▸ **PROBLEM DETAILS**: With the pictures left out, transcribe exactly the lines from the one with "सर्वोच्च अदालतका न्यायाधीशहरू" through the end of the data.

▸ **GIVEN ENTRIES**:
####################

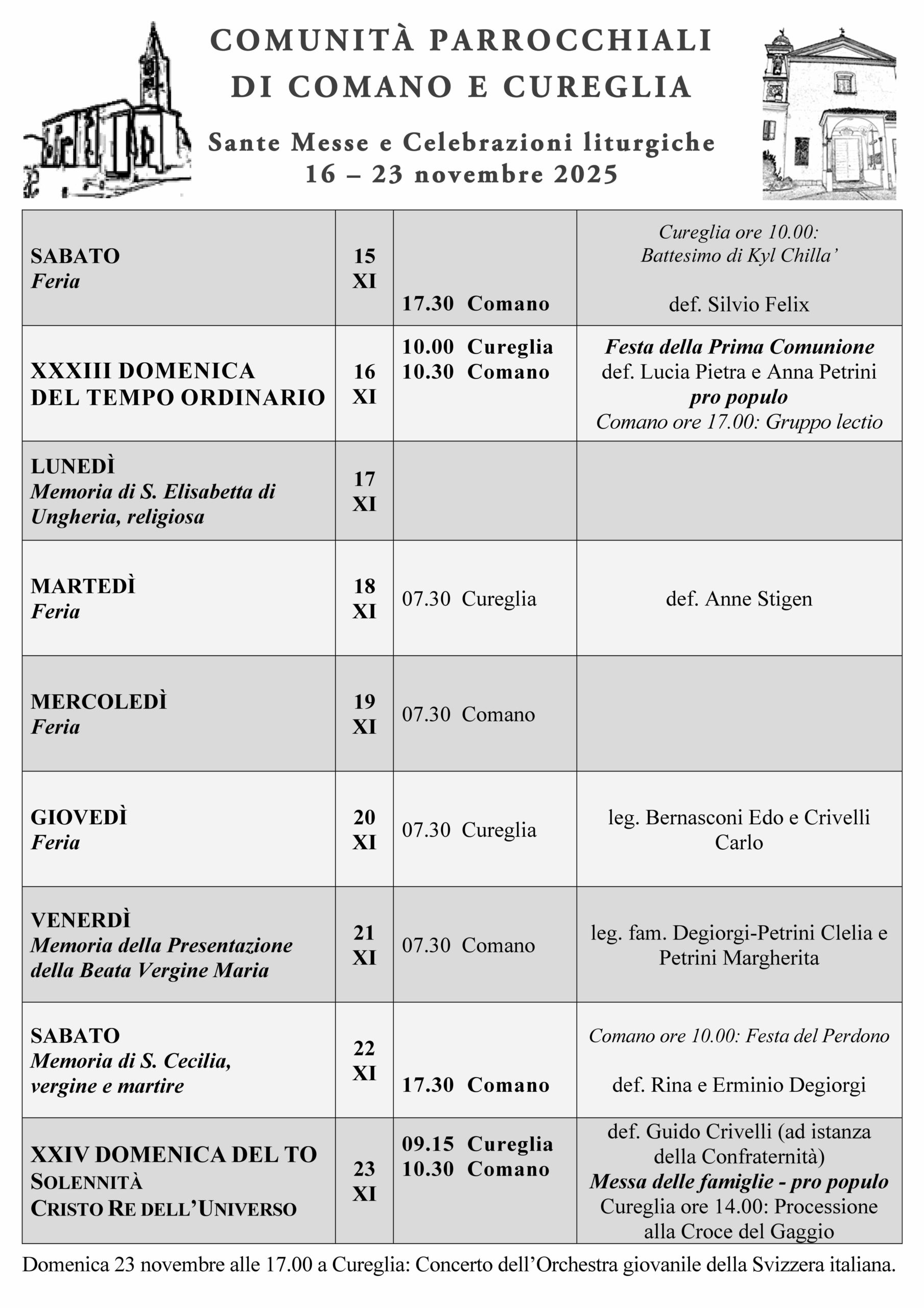 S. Messe e celebrazioni: 16 – 23 novembre 2025 don GiustinoNov 14, 2025Nov 14, 2025 <span class="nav-subtitle screen-reader-text">Page</span> Previous PostS. Messe e celebrazioni: 9 – 16 novembre 2025Next PostConcerto a Cureglia – 23 novembre ore 17.00 Related Posts S. Messe e celebrazioni: 23 – 30 novembre 2025 don GiustinoNov 22, 2025Nov 22, 2025 S. Messe e celebrazioni: 9 – 16 novembre 2025 don GiustinoNov 7, 2025Nov 7, 2025 S. Messe e celebrazioni: 2 – 9 novembre 2025 don GiustinoOtt 30, 2025Ott 30, 2025
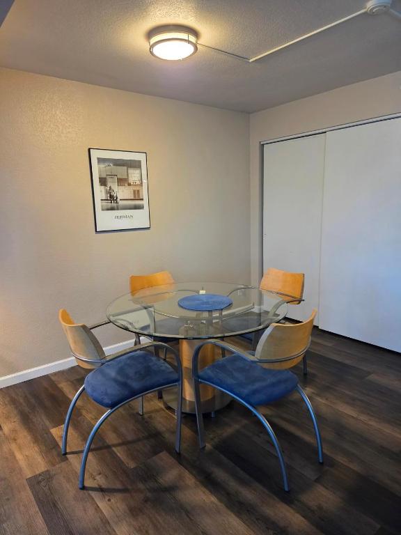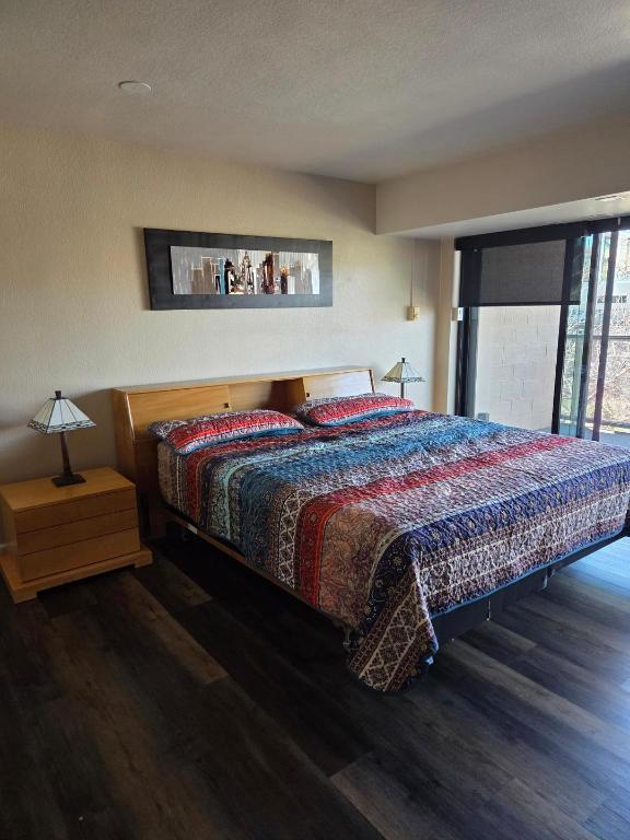 Furnished Mid term rental. Large Executive WEST facing 1 Bedroom 2 Bathroom Loft w/garage parking. This downtown west-facing modern loft features new LVP wood flooring throughout, with two walkouts to the west-facing balcony. The master bedroom is large with a king bed, and an adjoining full bath. Separate dining area and breakfast bar. Close to highway access, shopping, UCCS ,Ft. Carson and more. Bonus included: fitness center, sauna, billiards room, and a gated 1 car garage or space
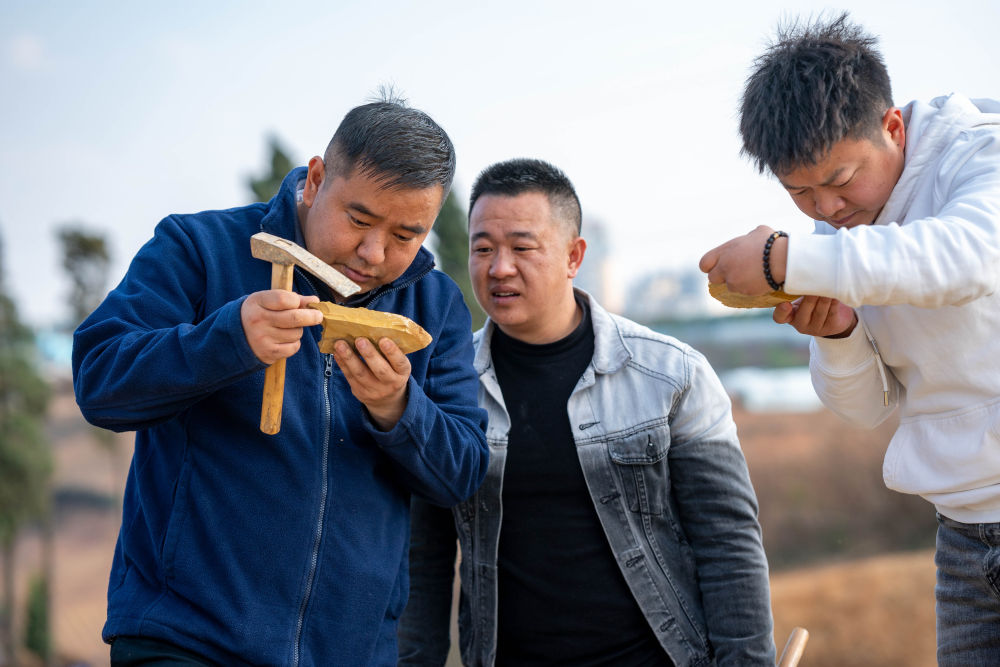 2024年2月22日,云南澄江化石地世界自然遺產博物館副館長郭進(左一)和同事在云南省澄江市黑蟆地查看采集到的化石標本。
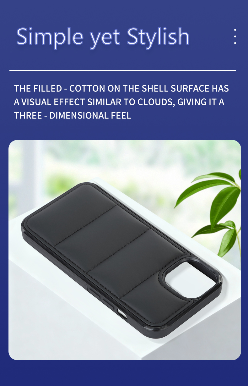 Ideal for anyone seeking a fashionable, protective phone accessory that stands out with its down jacket-inspired design.
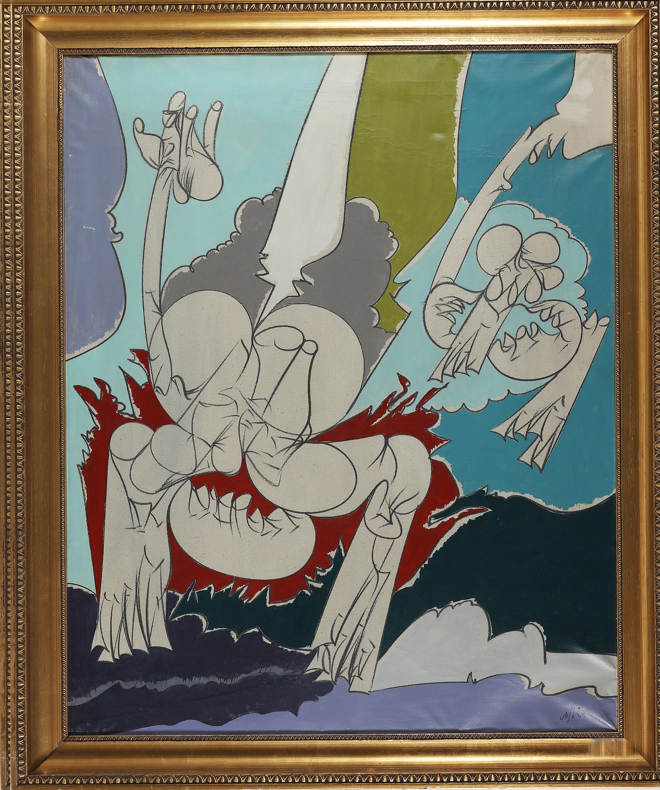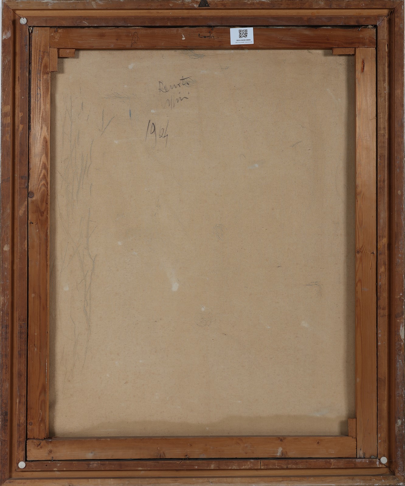 VOLPINI RENATO (n. 1934) Senza titolo. 1964. Olio su tela. Cm 80,00 x 100,00. Firma in basso a destra. Al retro firma e anno. Cornice presente
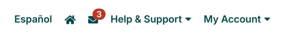 To switch your account’s language to Spanish, click Espanol. To return to your dashboard, click the Home icon and to easily access important notices, click the Secure Inbox icon. Open the Help and Support drop down to connect with free help or explore our Frequently Asked Questions. Open the My Account drop down to access account settings like resetting your password or to log out.
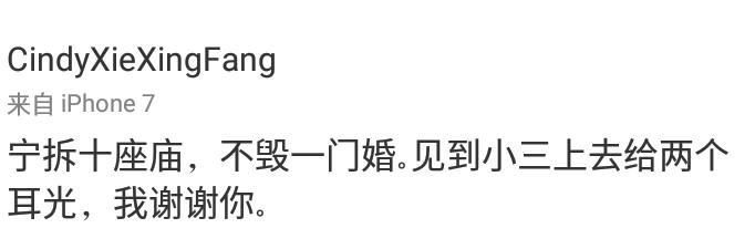 前几天谢杏芳和林丹还吻别来着。。。。今天谢杏芳就发微博说宁拆十座庙,不毁一门婚。见到小三上去给两个耳光,我谢谢你。。。。所以这是撕网友呢还是小三呢??
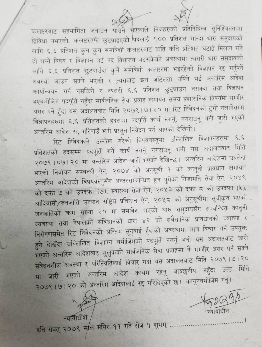 सर्वोच्च अदालतका न्यायाधीशहरू प्रकाशमानसिंह राउत र कुमार चुडालको संयुक्त इजलासले मंसिर ११ गते उक्त अन्तरिम आदेश खारेज गरेको हो । अन्तरिम आदेशको लिखित प्रति भने मंगलबार सार्वजनिक भएको हो ।
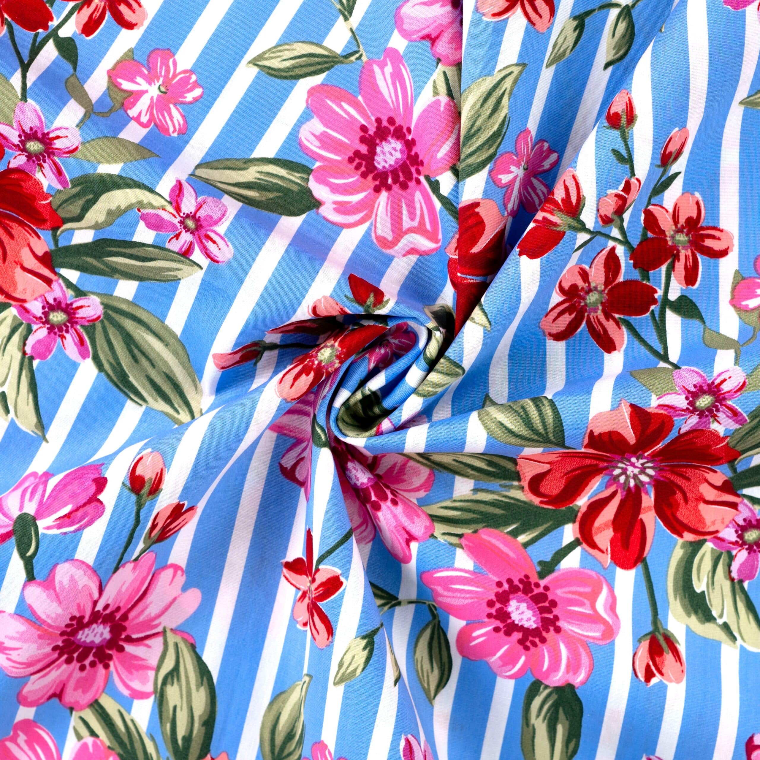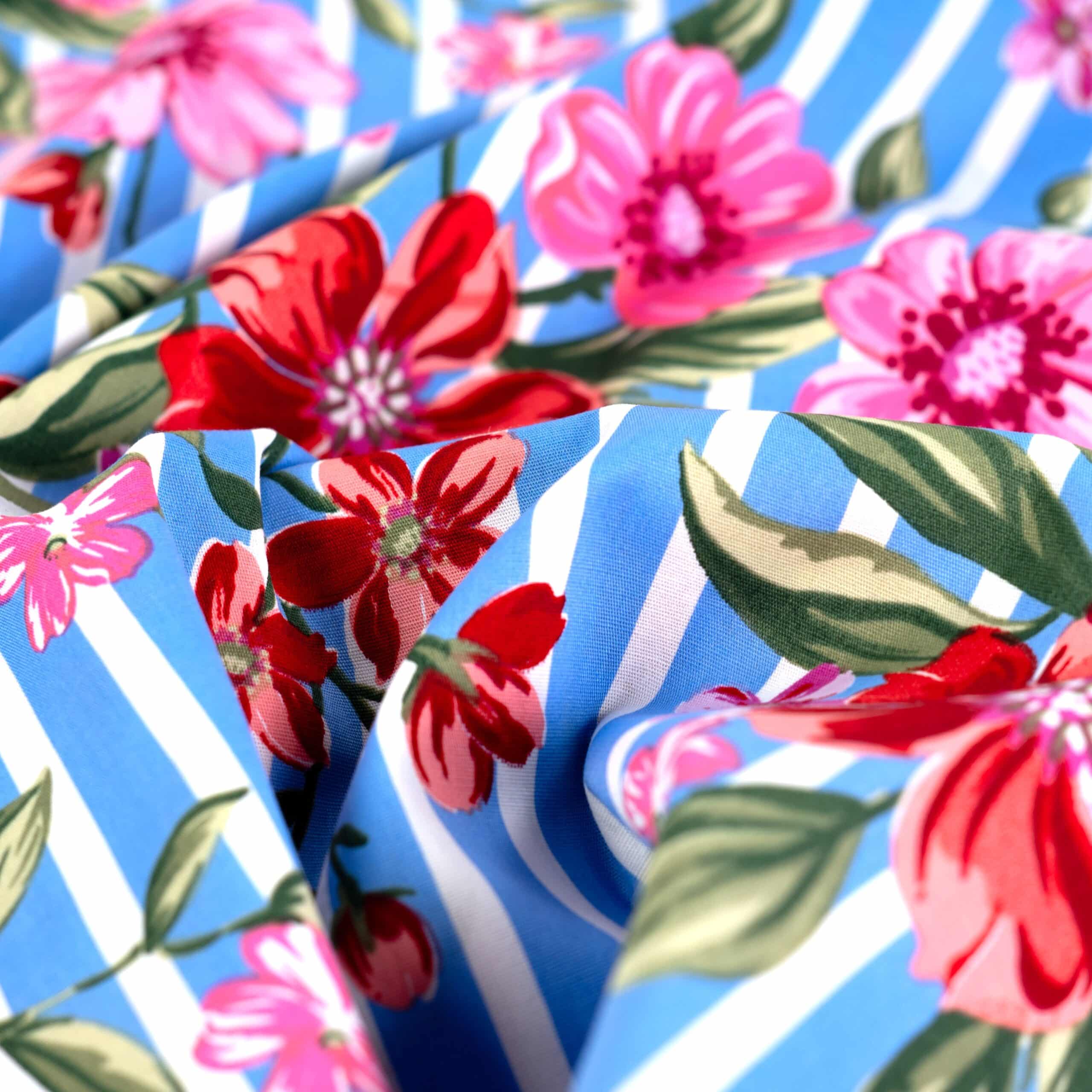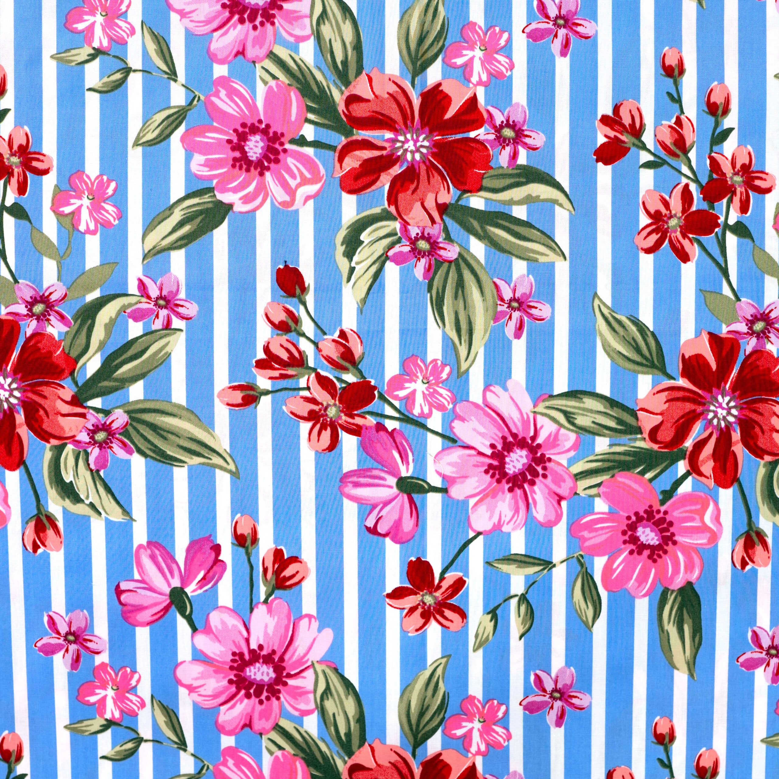 Wunderschöner Blumendruck auf Baumwollpopelin. Er hat 3% Elasthananteil daher ist er auch leicht strechig und eignet sich somit perfekt für Kleider, Röcke, Blusen, Tuniken und Hosen – aber auch als Deko.

####################

▸ **YOUR SOLUTION**:
 सर्वोच्च अदालतका न्यायाधीशहरू प्रकाशमानसिंह राउत र कुमार चुडालको संयुक्त इजलासले मंसिर ११ गते उक्त अन्तरिम आदेश खारेज गरेको हो । अन्तरिम आदेशको लिखित प्रति भने मंगलबार सार्वजनिक भएको हो ।
 Wunderschöner Blumendruck auf Baumwollpopelin. Er hat 3% Elasthananteil daher ist er auch leicht strechig und eignet sich somit perfekt für Kleider, Röcke, Blusen, Tuniken und Hosen – aber auch als Deko.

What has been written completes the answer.